Stored records:
━━━━━━━━
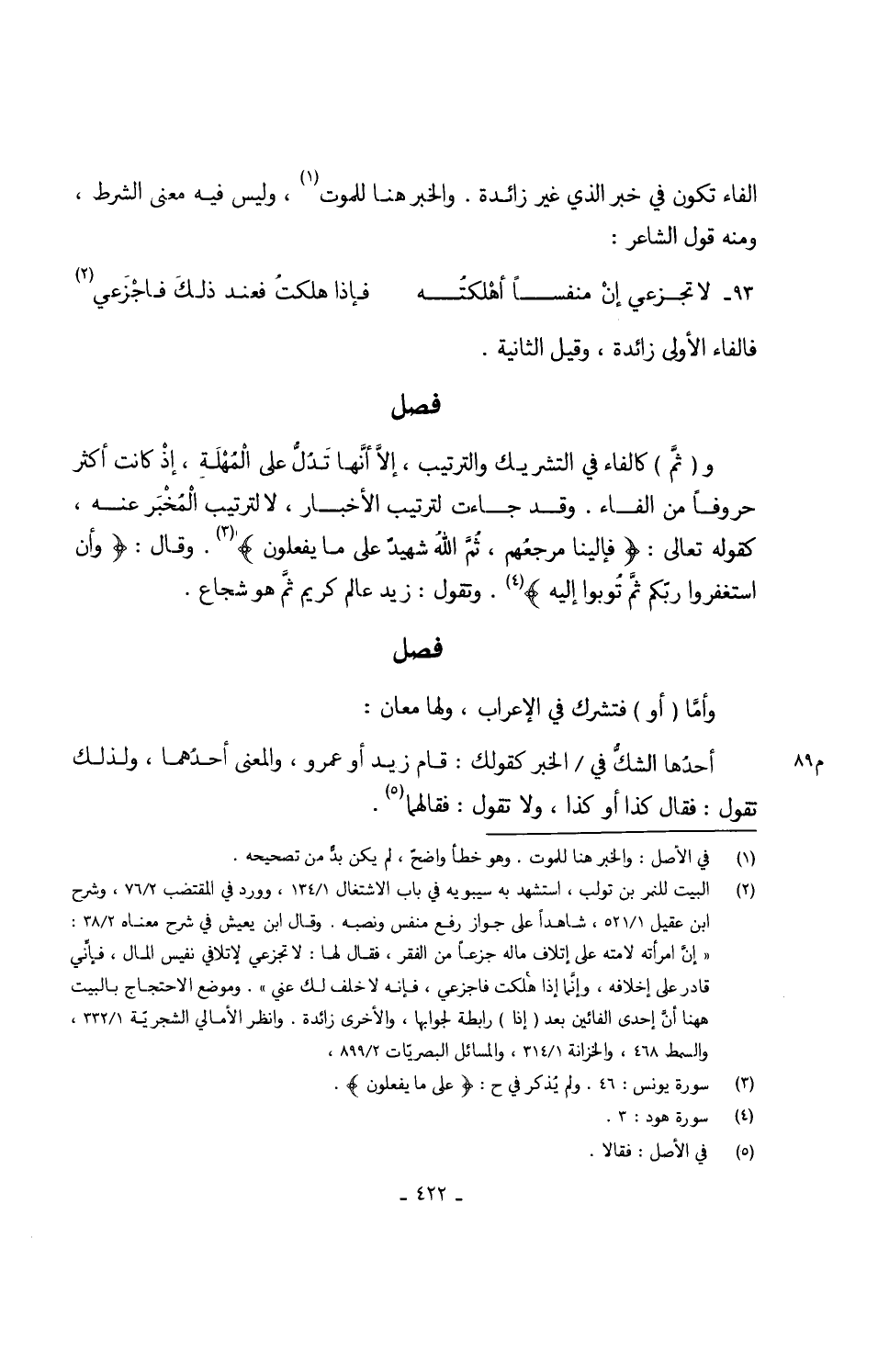 و (ثّم) كالفاء فِي التَّشْرِيك والتريب إلاَ أنَّها تَدُلُّ على الْمُهَلةِ إذْ كَانَت أَكثر حروفا من الْفَاء وَقد جَاءَت لترتيب الْأَخْبَار لَا لترتيب الْمخبر عَنهُ كَقَوْلِه تَعَالَى {فإلينا مرجُعهم ثُمَّ اللهُ شهيدٌ على مَا يَفْعَلُونَ} وَقَالَ {وَأَن اسْتَغْفرُوا ربّكم ثمَّ توُبوا إِلَيْهِ} وَتقول زيد عَالم كريم ثَّم هُوَ شُجَاع
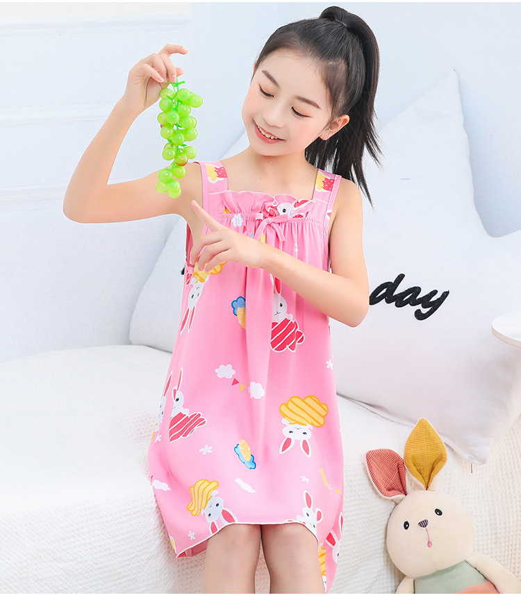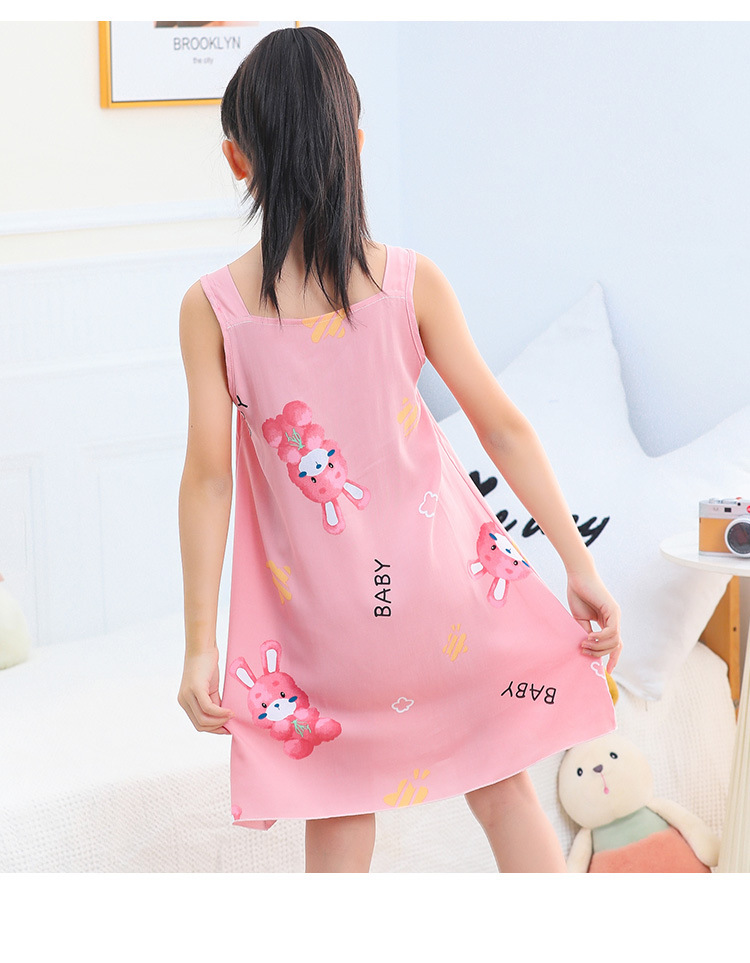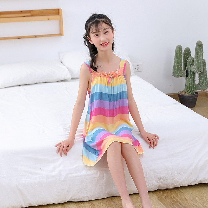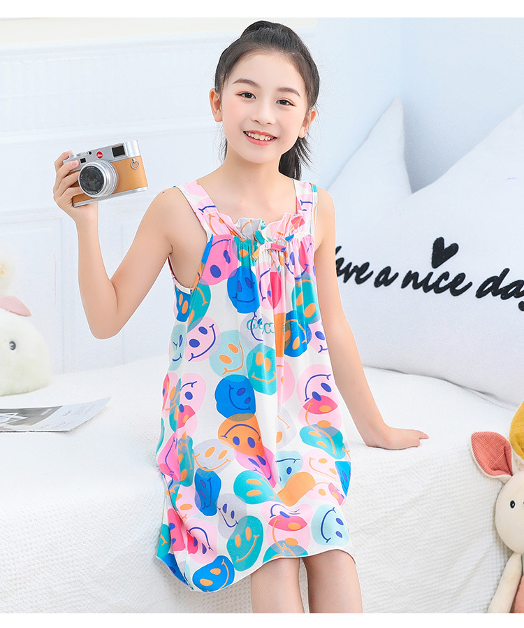 스트랩 그룹 여아 여성용 민소매 조끼 스커트 잠옷 원피스 면 실크 여름 얇은 아동복 어린이 잠옷
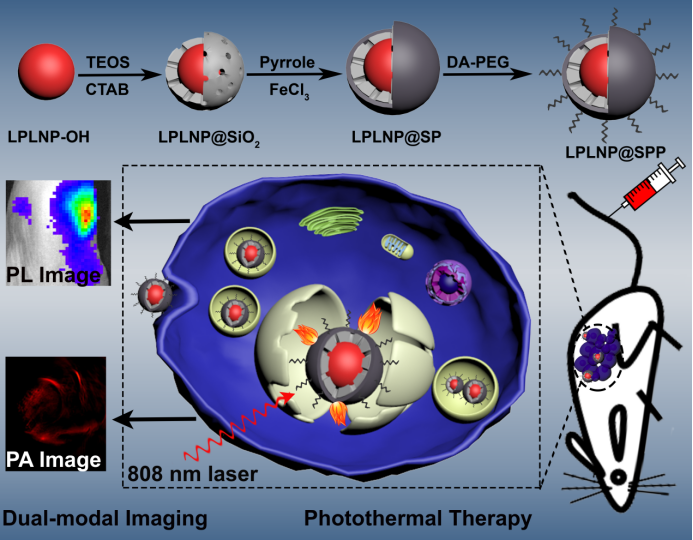 乳腺癌是女性最常见的恶性肿瘤之一,肿瘤侵袭性高,预后差。急需要高灵敏成像和高效治疗手段。作者设计合成了长余辉-聚吡咯纳米复合物(LPLNP@SPP)用于乳腺癌的余辉/光声双模态成像和光热治疗。论文中优化了长余辉纳米材料的配比,得到了具有700nm发射的长余辉纳米材料,余辉时间超过24小时。通过后续水热和化学氧化的方法将二氧化硅和聚吡咯壳层依次包覆在长余辉纳米材料表面,经过表面修饰后得到具有双功能的LPLNP@SPP(图1)。
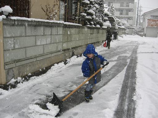 朝起きたら雪が積もっていました。子供達と一緒に雪かきです。画像は朝1回目です。私が1回雪かきした後に積もってきたところを子供達が雪かきしているので雪が少ないですが、そのまま降りやまず、午後2時に3回目の雪かきをしました。手袋とジャンバーがビチョビチョでヒーターの前で乾かしてます。まだやまないから夕方もう1回かな。我が家の雪かきグッズ
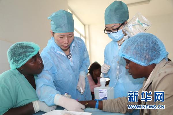 中國人民解放軍援助西非抗擊埃博拉疫情醫(yī)療隊(duì)為弗里敦中塞友好醫(yī)院開展輸液培訓(xùn)活動(dòng)(2014年12月10日攝)。新華社發(fā)(戴欣 攝)
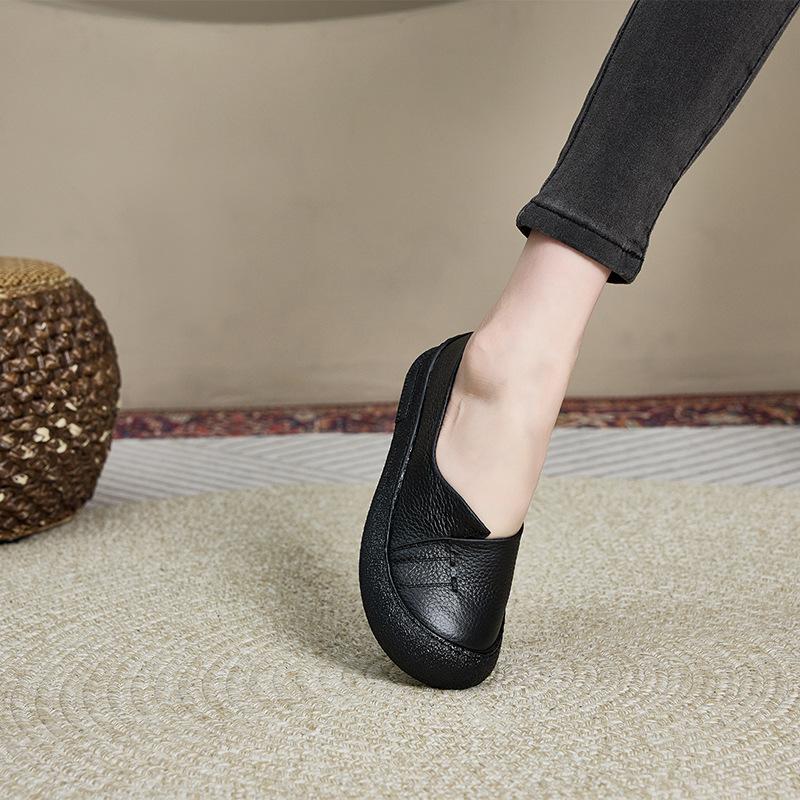 Первый слой коровьей кожи 2025 туфли-лодочки с одним ремешком для женщин среднего и пожилого возраста из натуральной кожи, женские туфли на плоской подошве с неглубоким вырезом, на мягкой подошве, в стиле ретро
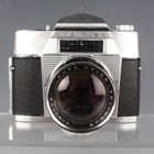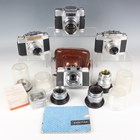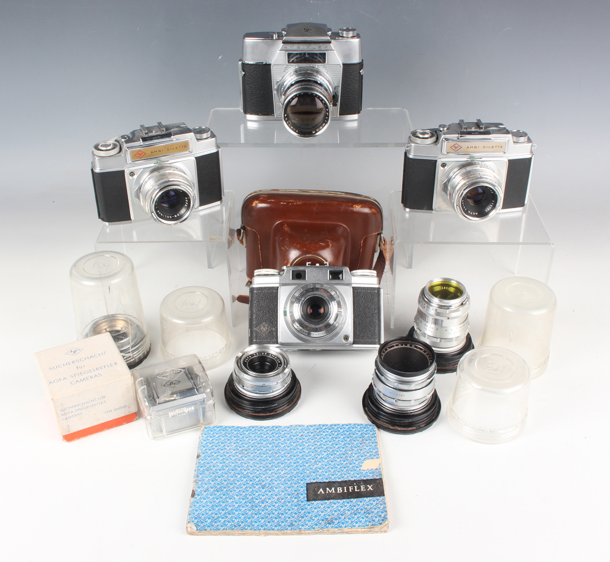 A small group of Agfa cameras, lenses and accessories, including an Ambiflex camera with Color-Telinear 1:4/135 lens, a Color-Telinear 1:4/90 lens, a Color-Ambion 1:4/35 lens, a Color-Solnar 1:2.8/50 lens and two Ambi-Silette cameras.
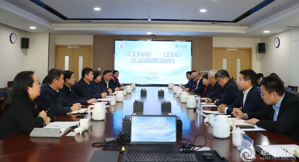 本站讯 2月9日,中国海洋大学与康复大学战略合作协议签约仪式在康复大学举行。康复大学校长、中国工程院院士董尔丹主持仪式,党委书记刘军,分管日常工作的副校长姜宏,副校长毕建国、刘奇迹出席仪式。学校党委书记李明、党委常务副书记张静、副校长王雪鹏出席仪式。
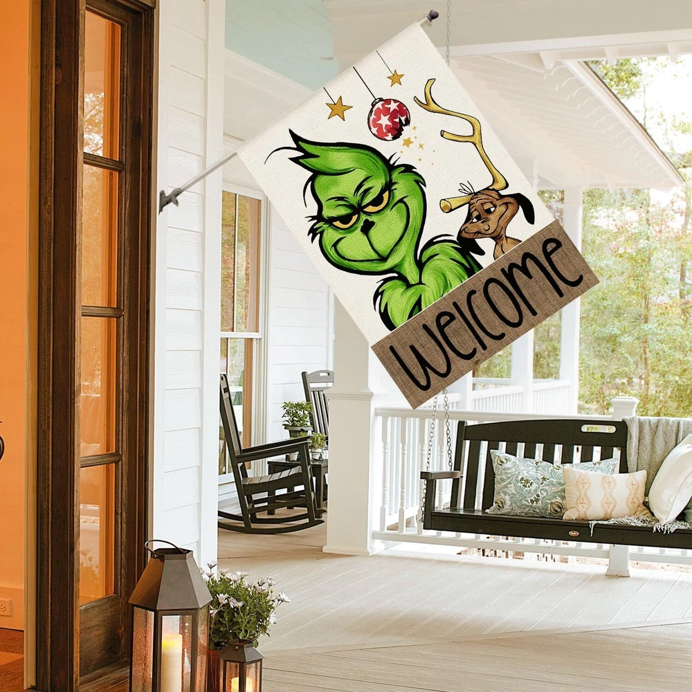 Christmas Garden Flag PACKAGE : ONLY 1PC Patriotic GARDEN FLAG (Flag holder sold separately). It is small, mini Garden size (28 x 40"), sleeve hanger fits most standard Flag Stand. HOME DECOR: Welcome guests to your home with this unique, seasonal flag. Perfect for any deck, patio, porch or and make charming decorative statements for any backyard, lawn or garden. DURABLE AND HIGHER QUALITY: Made of machine washable Spun Polyester which is durable and weather resistant. Double stitching panels on multiple rows and high quality sleeve to provide lasting strength. FEATURES: Sleeve hanger fits standard Banner/Flagpole, Bracket, Arbors or stand. Flag pole NOT included. Material: 100% Linen.seasons. EASY TO INSTALL AND MACHINE WASHABLE: All flags feature a sleeve at top for use with any standard flag pole or stand, easily slip the flags through the holes on either of the top sides to hang them on your garden flag stand.
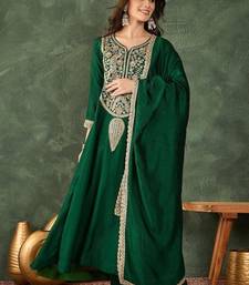 Women's beautiful embroidery work vichitra silk fabric flared kurta pant and dupatta set
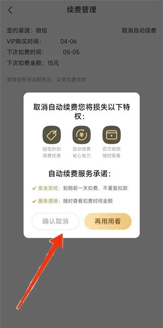5、在续费管理里,点击“取消自动续费”。
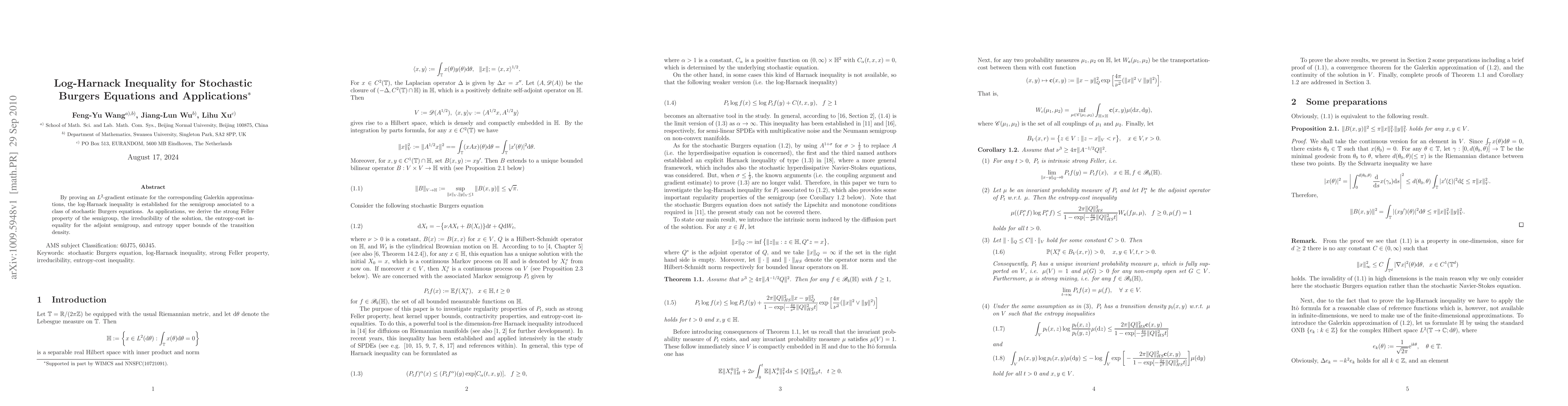 The paper establishes a log-Harnack inequality for the semigroup associated with stochastic Burgers equations via an $L^2$-gradient estimate for Galerkin approximations. Applications include the strong Feller property, irreducibility of the solution, entropy-cost inequality for the adjoint semigroup, and entropy upper bounds for the transition density.
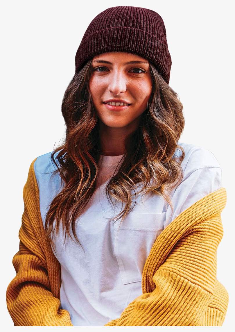 Czapka z podszewką i obracanym wykończeniem łączy 70% akrylu i 30% wełny, tworząc mieszany skład dostosowany do codziennego użytku.
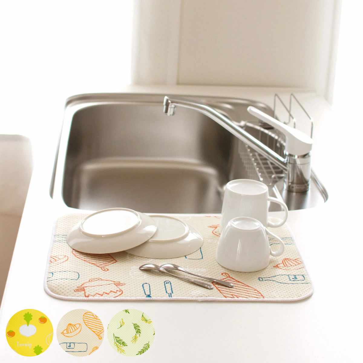 ちょっとした洗いものに便利な水切りマットちょっとした洗いものや、食洗機に入らなかった小物などを置くのに便利な薄手の水切り吸水マットです。キッチンが楽しくなるようなポップでカワイイ柄になっています。
━━━━━━━━
● **Task to complete**
Pictures in the entries do not go into the copy. Print only the lines starting at the one containing "朝起きたら雪が積もっていまし" and ending at the one containing "中國人民解放軍援助西非抗擊埃", exactly as they appear.

● **Answer below**
 朝起きたら雪が積もっていました。子供達と一緒に雪かきです。画像は朝1回目です。私が1回雪かきした後に積もってきたところを子供達が雪かきしているので雪が少ないですが、そのまま降りやまず、午後2時に3回目の雪かきをしました。手袋とジャンバーがビチョビチョでヒーターの前で乾かしてます。まだやまないから夕方もう1回かな。我が家の雪かきグッズ
 中國人民解放軍援助西非抗擊埃博拉疫情醫(yī)療隊(duì)為弗里敦中塞友好醫(yī)院開展輸液培訓(xùn)活動(dòng)(2014年12月10日攝)。新華社發(fā)(戴欣 攝)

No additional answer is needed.